Last updated: February 2, 2024
Place
Enlisted Barracks & Post Hospital
Accessible Rooms, Benches/Seating, Cellular Signal, Wheelchair Accessible
Enlisted Barracks
The two barracks buildings, completed in 1867, were designed to hold two companies each of enlisted men. They were divided in half and each side had a squad room, first sergeant's room, mess hall and kitchen. The average company size was 80 men, so quarters were definitely cramped. Four men slept on each bunk, two on each level lying head to foot. The first sergeant, the company's senior enlisted man, got a room to himself.
There was no central mess hall on post for the soldiers. Soldiers ate with other men of their company in the barracks mess hall. The army didn't have trained cooks, so the job rotated among the men in the company as an extra duty. This meant the quality of the food preparation depended on how well each man could cook.

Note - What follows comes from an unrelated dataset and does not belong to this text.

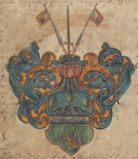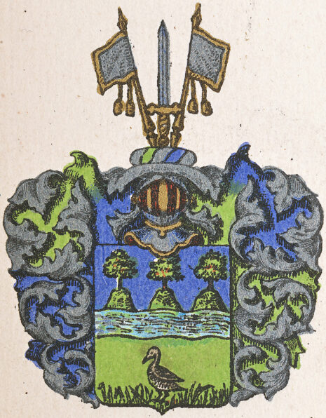 ”… en Skiöldh, fördeelt twärt öfwer i Twenne fäldt, emellan dem en rätflytande Ström. J det öfre fäldtet som är blÃ¥tt, stÃ¥r et grÃ¥t bärgh och deröfwer pÃ¥ trenne Lindar, J det nedre feltet af grön botten är en RörDromme uthj grÃ¥ Hwaβ. OfwanpÃ¥ Skiöldn är en Öppen Tornerehielm, hwaruthur opstiga twenne hwijta Estandarer, emellan dem en dragen wäria, Vddn opwändh Löfwärket och Hielmtäcket af gohl och blÃ¥ ferga sammanmengde, aldeles som sielfwa Wapnet medh sine egenteliga Färgor här hoos ståå mÃ¥hlat och afsatt…”

In this building, the left (west) side has been restored as infantry barracks, the right (east) side as the post hospital. The east side had originally been for a cavalry company but when the 10th Cavalry left in 1869 it was converted into a new Post Hospital in 1872.
Hospital
The new post hospital in the east half of the barracks building was a big improvement over the former adobe hospital building that leaked mud from the ceiling when it rained. Even with a solid roof overhead, medical care was crude by today's standards, to say the least.
Army doctors were some of the best trained and qualified doctors in the country, but they were still limited by the medical knowledge of the day. There were few medicines at the time to cure people and doctors had very little understanding of how diseases spread. Still, the doctors stationed at Fort Larned did the best they could to heal the soldiers under their care.